Alternatively, one may replace deterministic max-priority extraction with a stochastic scheme based on a sum-tree structure that supports priority-proportional sampling. In this setup, the probability of selecting a problem is proportional to its current priority score $\omega$, providing a balance between exploitation and exploration. Additional parameters may also be introduced to tune this trade-off. Whether deterministic extraction of the highest-priority problems or stochastic sampling proportional to their priority yields better empirical performance depends on the characteristics of the task distribution and remains an open design choice.
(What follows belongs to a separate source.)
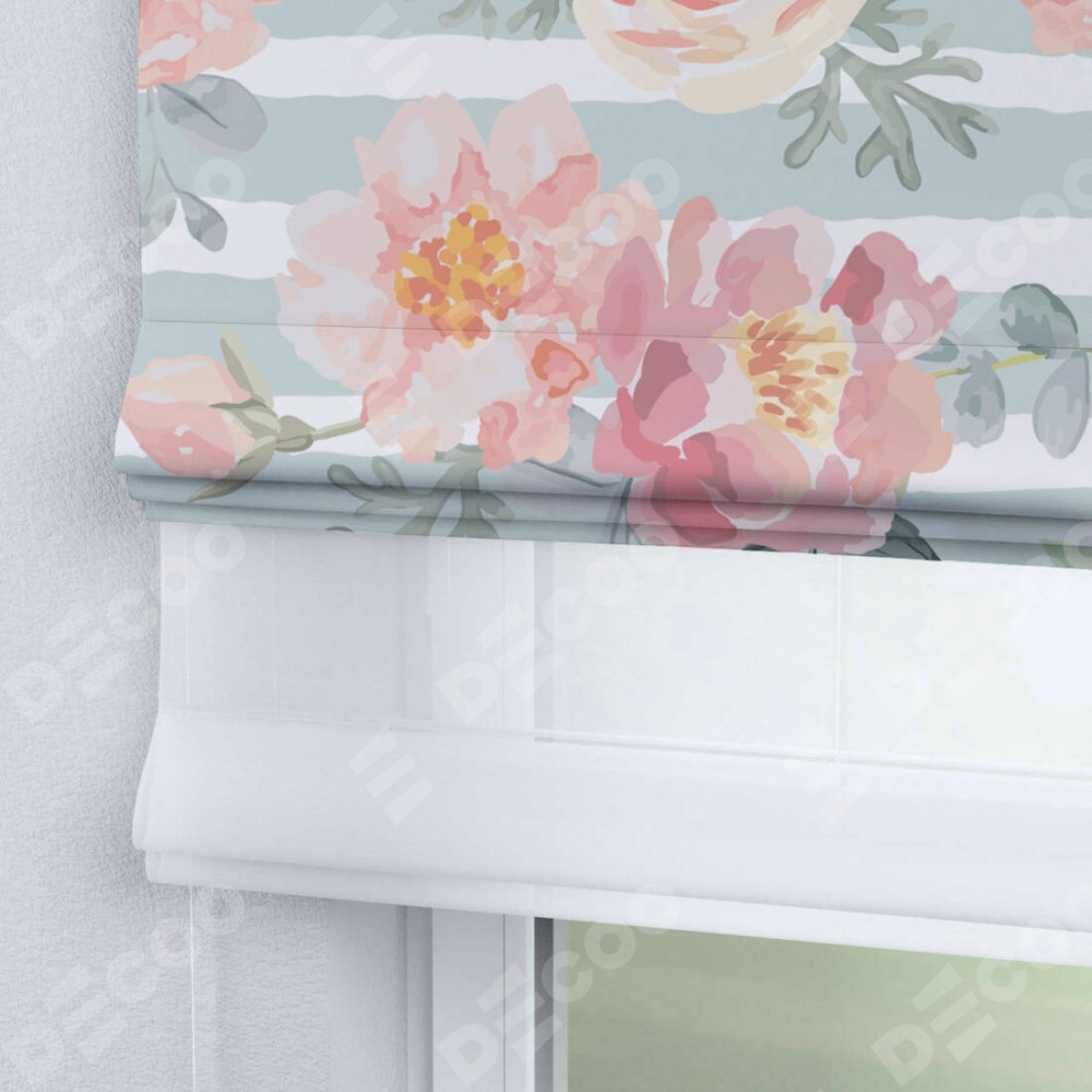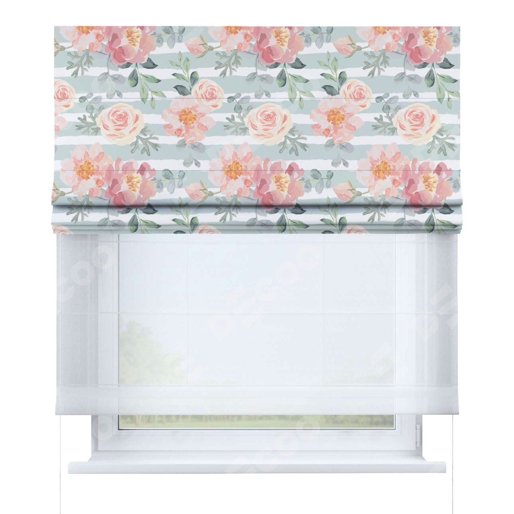 Римская штора день-ночь производителя «Cortin», используется для проёма, пошита из двух полотен, с лицевой блэкаут с нанесением сублимационной печати «Розы акварель», вторая ткань тюль (по стандарту комплектуется тюль белого цвета артикул V-01). Имеет универсальный механизм и подходит для монтажа: на потолок, на стену и в нишу.

It is also worth emphasizing that, in practice, the dominant computational cost of the environment procedure arises from generating and evaluating model rollouts. These operations are orders of magnitude more expensive than any of the priority-management mechanisms described above. As a consequence, the choice between a deterministic max-heap, an exploration-enhanced heap with arbitrary deletions, or a sum-tree supporting priority-proportional sampling should be driven primarily by empirical training dynamics rather than computational considerations.

Learning rate

The use of prioritized replay directly amplifies the magnitude of the learning signal. Because prioritized sampling favors problems with high advantage variance, the expected per-update advantage under prioritized GRPO is larger than it would be under uniform sampling. Since the policy-gradient loss scales linearly with advantage, this amplification translates into larger effective gradients during optimization.

A practical implication is that learning rates tuned for standard GRPO may become overly aggressive when used with prioritized replay. Without adjustment, the interaction between higher gradient magnitudes and unchanged hyperparameters can increase training instability. In small-scale experiments, this effect appears when applying off-the-shelf configurations commonly used in frameworks such as verl. In practice, it may therefore be necessary to reduce the base learning rate or apply adaptive learning-rate schedules when enabling prioritized sampling. More generally, hyperparameters that implicitly depend on gradient scale, such as clipping ranges, entropy coefficients, or EMA smoothing constants, may also require retuning to ensure stable training dynamics under prioritized replay.

Concise reasoning

Concise reasoning has recently become a central objective in the development of reasoning-oriented language models. The term refers to achieving high problem-solving performance while producing substantially fewer tokens. Fatemi et al. (2025) showed that continued training on correct responses causes the optimization dynamics to favor shorter and more direct solutions, whereas reinforcement on incorrect responses tends to produce unnecessarily verbose outputs. This effect arises solely from the structure of the loss and the advantage sign, independent of any explicit incentive toward brevity.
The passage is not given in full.